Man darf aber die Demokratie nicht […] einfach danach bestimmen, dass die Menge entscheidet (denn auch in der Oligarchie und überall sonst regiert der überwiegende Teil des Volkes), und auch nicht als Oligarchie den Fall bestimmen, wo wenige die Verfassung beherrschen […] sondern eine Demokratie besteht nur dort, wo die Freien und Unbemittelten in der Mehrheit sind und regieren, eine Oligarchie dort, wo es die Minderheit der Reichen Vornehmen tut.

Aristoteles, Politik, Buch VI, Kapitel 5

Der wahrhafte Demokrat muss also vielmehr darauf schauen, dass das Volk nicht gar zu arm werde. Denn dies ist die Ursache, wenn eine Demokratie schlecht wird. Man muss es also so einrichten, dass eine dauernde Wohlhabenheit entstehe; denn dies nützt auch den Wohlhabenden. Man soll den Ertrag der Staatseinkünfte sammeln und aufhäufen und dann ganz den Armen verteilen, und zwar womöglich auf jeden so viel, dass es zum Ankauf eines Landstückes reicht, oder doch wenigstens als Anfangskapital für ein Geschäft oder einen Bauernbetrieb.

Somerset vs. Stewart, Court of King’s Beach, England, 14. Mai 1772, Urteilsbegründung von Lord Mansfield

Der Stand der Sklaverei ist so beschaffen, daß er ungeeignet erscheint, aus irgendeinem moralischen oder politischen Grunde eingeführt zu werden; das kann nur durch das positive Gesetz geschehen, welches seine Wirkung noch lange behält, nachdem die Gründe, Veranlassung und Zeit selbst, die es geschaffen, aus dem Gedächtniß gerissen sind. Dieser Grund ist heute so gehässig, daß nichts als das positive Gesetz zu seiner Entschuldigung angeführt werden kann. Was immer für Nachtheile sich also aus der Entscheidung ergeben: ich kann nicht sagen, daß dieser Fall nach dem Gesetz von England erlaubt oder gerechtfertigt sei – der Schwarze muß somit befreit werden.

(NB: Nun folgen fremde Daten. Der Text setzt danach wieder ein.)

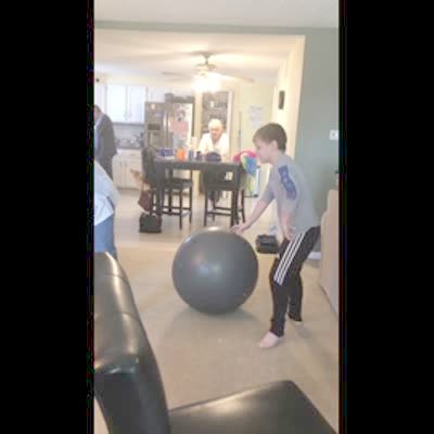 A man and a young boy jump on an exercise yoga ball. The last time he does it, the young boy kicks the ball out from under him and the man belly flops on to the floor.

Malcolm X, Demokratie ist Heuchelei, Rede im Jahr 1960

Was für ein soziales oder politisches System ist das, in dem ein schwarzer Mann vor Gericht keine Stimme hat? Wenn er sich nur auf das berufen kann, was der weiße Mann euch zu geben gewillt ist? Meine Brüder und Schwestern, wir müssen dem ein Ende bereiten, und es wird nie beendet werden, wenn wir es nicht selbst beenden. Sie greifen das Opfer an, und dann wirft der Verbrecher, der das Opfer angegriffen hat, diesem Opfer vor, ihn angegriffen zu haben. Das ist amerikanische »Gerechtigkeit«. Das ist amerikanische »Demokratie«, und diejenigen von euch, die damit vertraut sind, wissen, dass in Amerika Demokratie Heuchelei ist. Und wenn ich damit falsch liege, steckt mich ins Gefängnis, aber wenn ihr nicht beweisen könnt, dass in Amerika Demokratie nicht Heuchelei ist, legt nicht Hand an mich. Demokratie ist Heuchelei. Wenn Demokratie Freiheit bedeutet, warum sind dann unsere Leute nicht frei? Wenn Demokratie Gerechtigkeit bedeutet, warum haben wir dann keine Gerechtigkeit? Wenn Demokratie Gleichheit bedeutet, warum haben wir dann keine Gleichheit? Zwanzig Millionen Schwarze in diesem Land sind nur Boys im Haus des weißen Mannes. Er nennt uns sogar Boy. Und egal, wie großartig du bist, er nennt dich Boy. Selbst als Professor bist du für ihn nur ein Boy.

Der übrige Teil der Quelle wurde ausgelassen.